_Requirement_. Give back exactly the line containing "本イベントは SnapDis" and all that follow it in the data below, with the pictures left out.
Segment Start: Exercise inputs
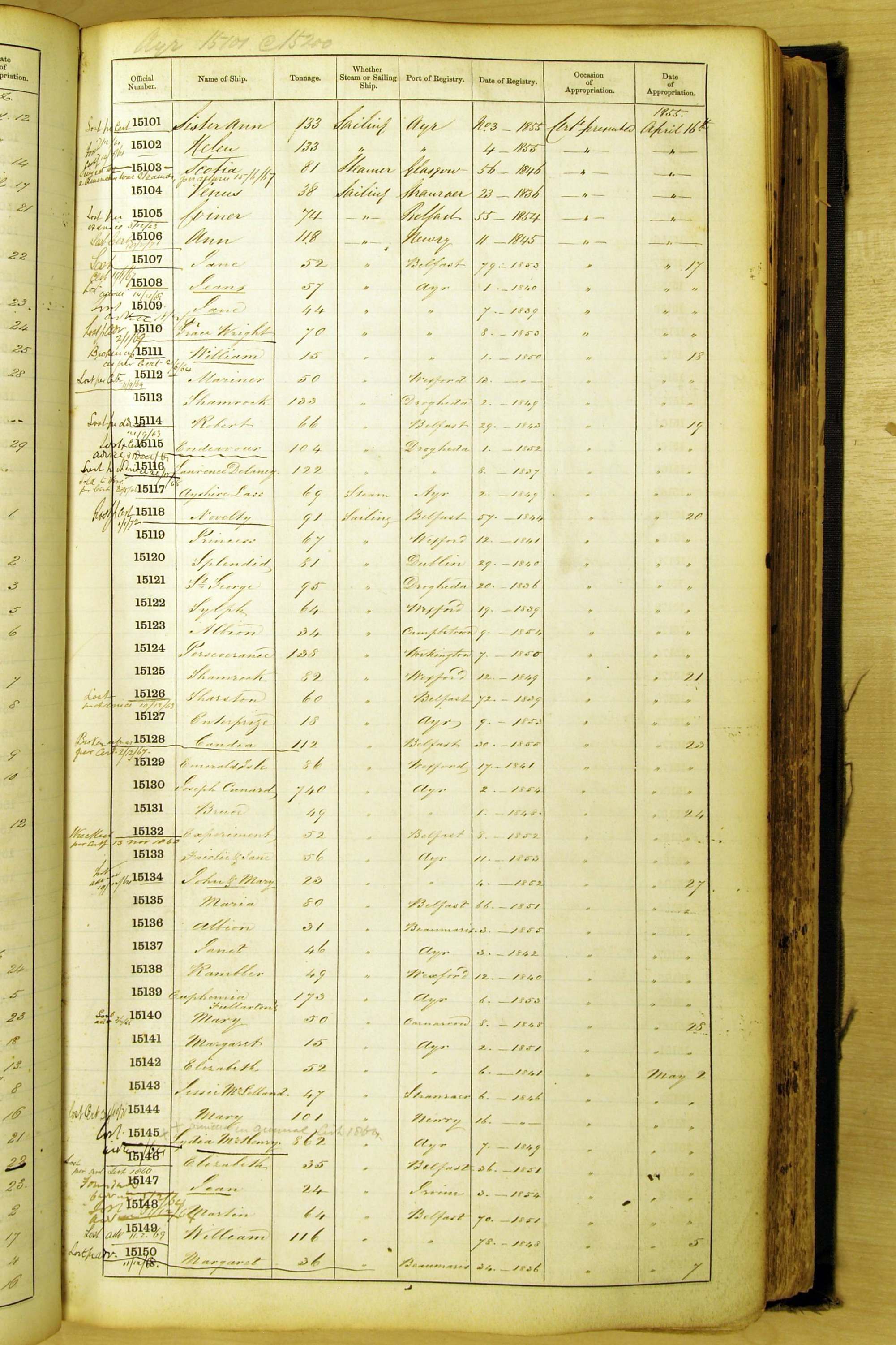 Bear in mind that the ships names in the Appropriation Books are not the definitive name or spelling of the name, even though these are the central records for the whole system. As you can see, the entries are hand-written and derived from hand-written returns made by the various ports, themselves based on the hand-written shipping registers, based on what the port officials thought the person registering the ship was saying or had hand-written down.
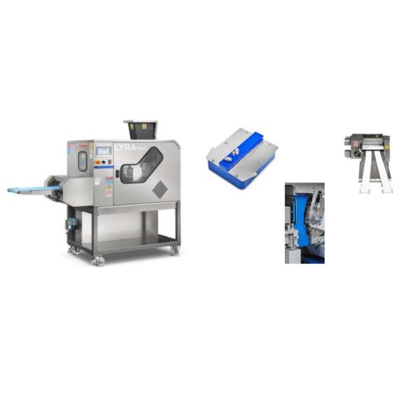 1196х769х1627мм, 380В, 1,3 кВт, бункер с тефлоновым покрытием вместимость 15 кг теста, при заказе указать вес деления (от 30 до 115 гр. или от 80 до 200г; В комплекте с оцпиями: EEC - набор электрических и электронных компонентов, а так же, программного обеспечения для работы Lyra в составе линии, RCL - доп. камера округления, SDL - разделение выводящего конвейера на 2 однорядных конвейера, FDL - мукоподсыпатель на ущле окргуления теста. Электронная панель управления
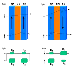 La magnetorresistencia gigante (MRG) es un efecto mecánico cuántico que se observa en estructuras de película delgada compuestas de capas alternadas ferromagnéticas y no magnéticas. Se manifiesta en forma de una bajada significativa de la resistencia eléctrica observada bajo la aplicación de un campo magnético externo: cuando el campo es nulo, las dos capas ferromagnéticas adyacentes tienen una magnetización antiparalela puesto que están sometidas a un acoplamiento ferromagnético débil entre las capas. Bajo efecto de un campo magnético externo, las magnetizaciones respectivas de las dos capas se alinean y la resistencia de la multicapa cae de manera súbita. Los espines de los electrones de la sustancia no magnética se alinean en igual número de manera paralela y antiparalela al campo magnético aplicado, y por tanto sufren un cambio de difusión magnética en una menor medida respecto a las capas ferromagnéticas que se magnetizan de forma paralela.
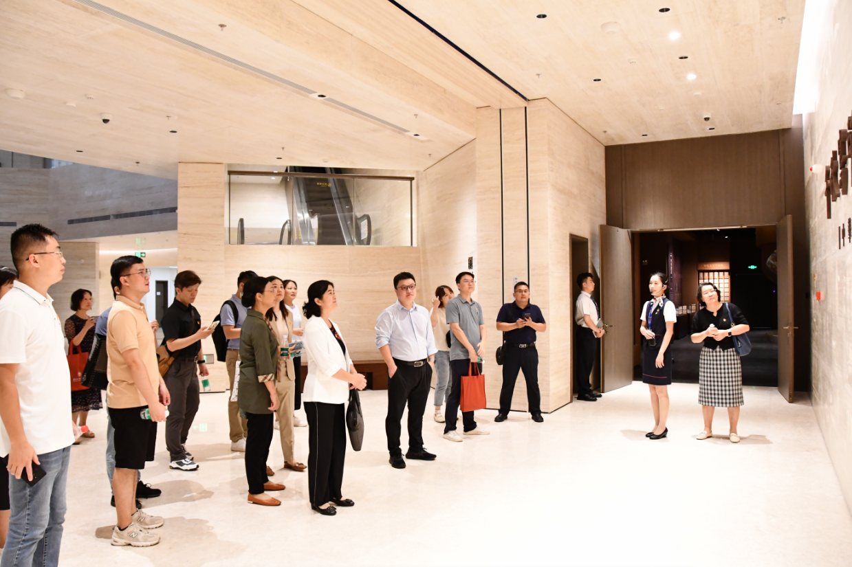 在国家版本馆广州分馆副馆长钱国富及展厅专业工作人员的陪同和讲解下,党员同志们认真重点参观学习了“千秋写印 华夏有章——中华版本概览”“红色印记 映照初心——红色广东专题版本展”“时代留声 传世之音——中国黑胶唱片版本展”等专题展览。国家版本馆广州分馆充分运用信息技术、数字化、虚拟现实、物联网、大数据、移动互联等现代技术手段,提供沉浸式、情景式的藏品信息展示,让人流连忘返,给党员同志们留下了深刻印象。党员同志们用心感受了中华版本形态嬗递之序,领略了中华文化的独特魅力;通过红色版本学习了中国共产党在广东团结带领人民进行革命斗争的光荣历史;从经典红歌、传统戏曲、经典民歌、流行歌曲中聆听了传世之音,感受到了艺术的魅力,从中汲取了奋进的力量。
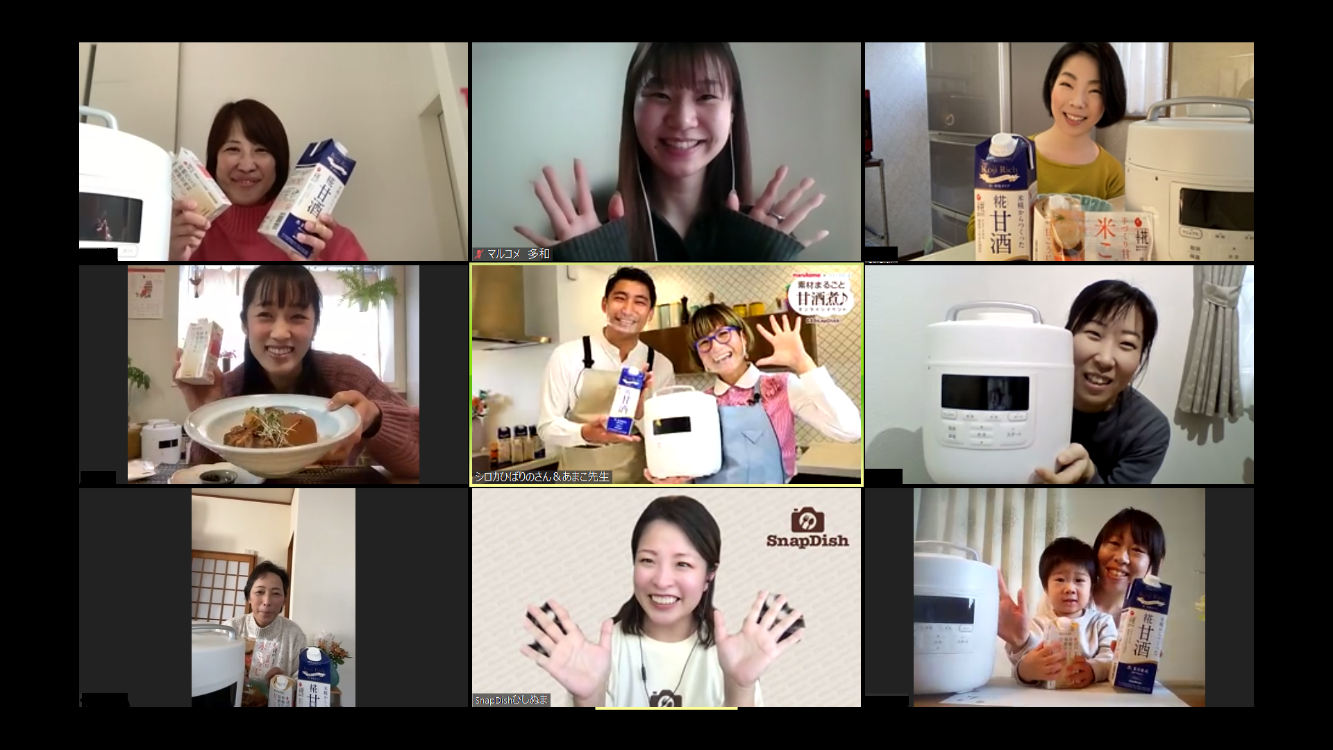 本イベントは SnapDishユーザーの中から抽選で選ばれた6名のモニターのみなさまにはご自宅からZoomでご参加いただき、SnapDishのYouTubeアカウントでも生配信でお送りしました。シロカの電気圧力鍋「おうちシェフPRO」とマルコメ社の「糀甘酒」についてご紹介したあと、フードコーディネーター・料理家のあまこようこ先生による「素材丸ごと甘酒煮」のレシピをご紹介。食材を丸ごと使った煮込み料理も、ほったらかし調理が可能な「おうちシェフPRO」なら簡単です。甘酒煮は、飲む点滴とも称される「糀甘酒」を使うことで栄養たっぷりで、砂糖を使わないのに糀由来のまろやかな甘みが感じられる、寒い冬にぴったりのメニューです。
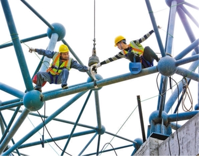 5月2日,建设者在甘肃张掖奥体中心建设项目现场吊装和焊接安装钢结构屋架。 王 将摄(人民视觉)
Segment End: Exercise inputs
_Answer area_.
 本イベントは SnapDishユーザーの中から抽選で選ばれた6名のモニターのみなさまにはご自宅からZoomでご参加いただき、SnapDishのYouTubeアカウントでも生配信でお送りしました。シロカの電気圧力鍋「おうちシェフPRO」とマルコメ社の「糀甘酒」についてご紹介したあと、フードコーディネーター・料理家のあまこようこ先生による「素材丸ごと甘酒煮」のレシピをご紹介。食材を丸ごと使った煮込み料理も、ほったらかし調理が可能な「おうちシェフPRO」なら簡単です。甘酒煮は、飲む点滴とも称される「糀甘酒」を使うことで栄養たっぷりで、砂糖を使わないのに糀由来のまろやかな甘みが感じられる、寒い冬にぴったりのメニューです。
 5月2日,建设者在甘肃张掖奥体中心建设项目现场吊装和焊接安装钢结构屋架。 王 将摄(人民视觉)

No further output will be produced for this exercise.